In the evaluation of the effect of different input temperatures on the water activity (Table 1) of Lactobacillus acidophilus La-5 (ML) and Bifidobacterium Bb-12 (MB) microparticles, we observed that the temperature of 140°C had a significant influence (P<0.05), presenting the lowest water activity content for both studied microparticles. Nonetheless, the water activity reported in the different evaluated temperatures for the Lactobacillus acidophilus La-5 (ML) and Bifidobacterium Bb-12 microparticles ranged from 0.195 to 0.289. Thus, these results are as expected for microparticles dried by spray dryer (0.150 to 0.300) to ensure their microbiological stability (CORCORAN et al., 2004; ARSLAN et al., 2015).
The microparticles moisture content ranged from 4.60% to 5.71% (Table 1) and the lowest moisture contents were observed as the inlet temperature of the spray dryer was raised. FERRARI et al. (2012) reported that higher temperatures imply a higher rate of heat transfer to the microparticles, resulting in a higher water evaporation and consequently, low moisture contents are obtained. Results obtained in the present research are in accordance with those reported by other authors who recommend that the moisture content should be around 4-5% to guarantee better storage stability (CHAVEZ & LEDEBOER, 2007). In this sense, studies have shown that a lower inlet temperature and, consequently output, results in increased post-encapsulation viability; however, this condition may imply greater moisture and water activity, which adversely affects the prolonged storage of powders (PEIGHAMBARDOUST et al., 2011; VESTERLUND et al., 2012). Thus, the relevance of the study of different drying temperatures, not only on the viability of the microorganisms, but also their influence on the physical characteristics of the microparticles is emphasized. MORGAN et al. (2006) reported that spray-drying temperatures are of great importance for the viability of bacteria and need to be optimized individually for every new application. In this context, Lactobacillus acidophilus La-5 (ML) and Bifidobacterium Bb-12 (MB) microparticles produced at 130°C were chosen to be evaluated in this study.

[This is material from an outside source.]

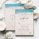 Das Hotel verfügt über einen romantischen türkisfarbenen Strand mit weißem Sand und zwei Herzen im Sand mit den Initialen der Braut und des Bräutigams auf der Rückseite, großartige RSVP-Karten für die Hochzeit des Sommers am Strand oder tropische Hochzeit in Urlaubsort.
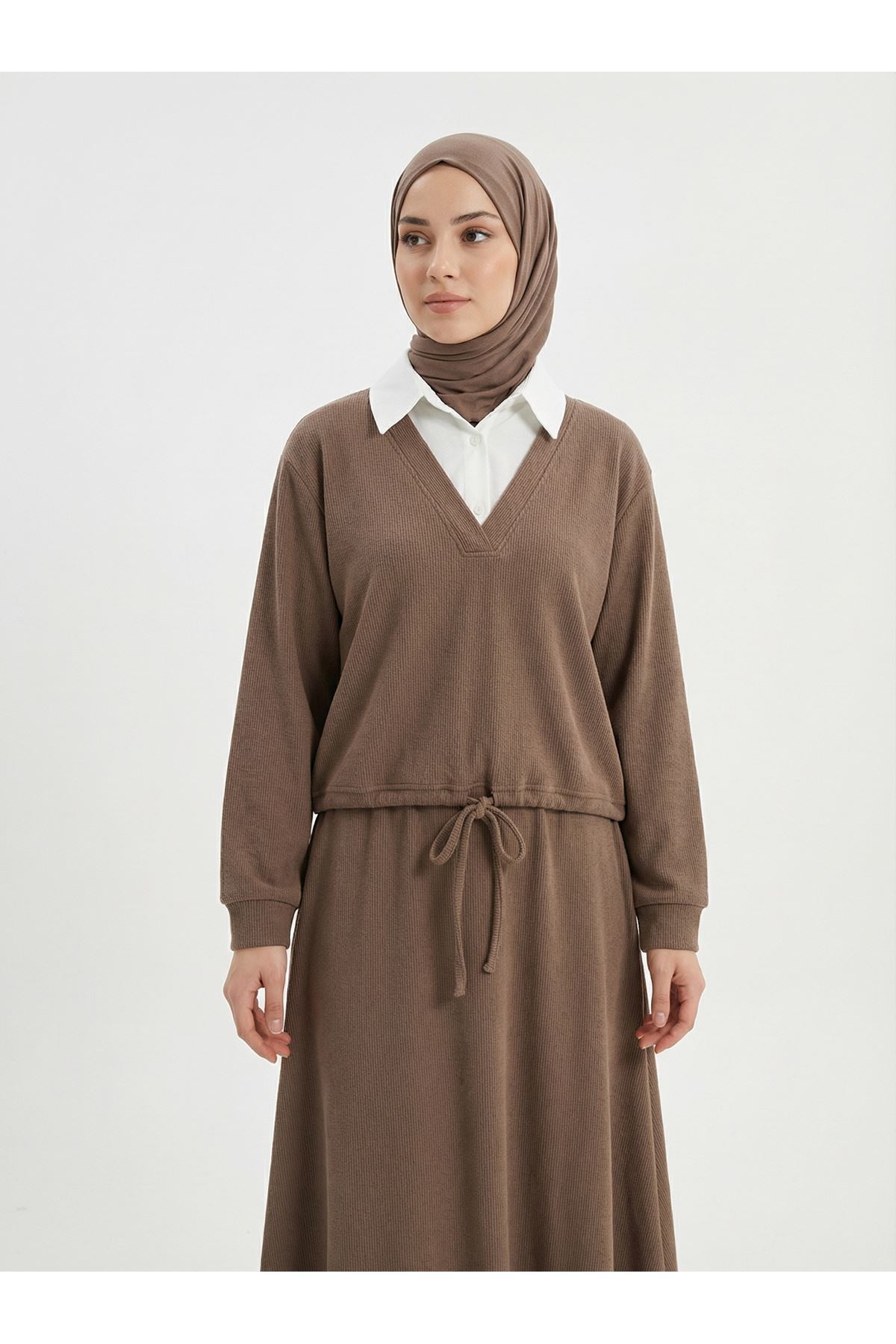 Beyaz Yaka Detaylı Örme Triko Takım-Vizon

Morphology and size of microparticles
Scanning electron microscopy of Lactobacillus acidophilus La-5 (ML) and Bifidobacterium Bb-12 (MB) microparticles can be observed in figure 1. The microparticles produced presented a rounded shape containing concavities. The same was observed by FAVARO-TRINDADE & GROSSO (2002) and FRITZEN-FREIRE et al. (2012). These authors reported that these concavities are typical of spray-dried products. Moreover, it is possible to observe that microparticles of Lactobacillus acidophilus La-5 (ML) and Bifidobacterium Bb-12 (MB) presented high porosity (Figure 1a) and ruptures in their structure (Figure 1b). This fact may be related to the low solids concentration (12% m/v) used in the formulations. Similar results were shown by PINTO et al. (2015) in the production of microparticles containing Bifidobacterium Bb-12 and using a concentration of 10% w/v in combinations with liquid whey, whey retentate, inulin and polydextrose.
Micrographs of the microparticles produced with 8g of gum arabic, 2g of maltodextrin, 1.9mL of glycerol, 0.1mL of tween 80 and Lactobacillus acidophilus La-5 (ML) e microparticles produced with 8g of gum arabic, 2g of maltodextrin, 1.9mL of glycerol, 0.1mL of tween 80 and Bifidobacterium Bb-12 (MB).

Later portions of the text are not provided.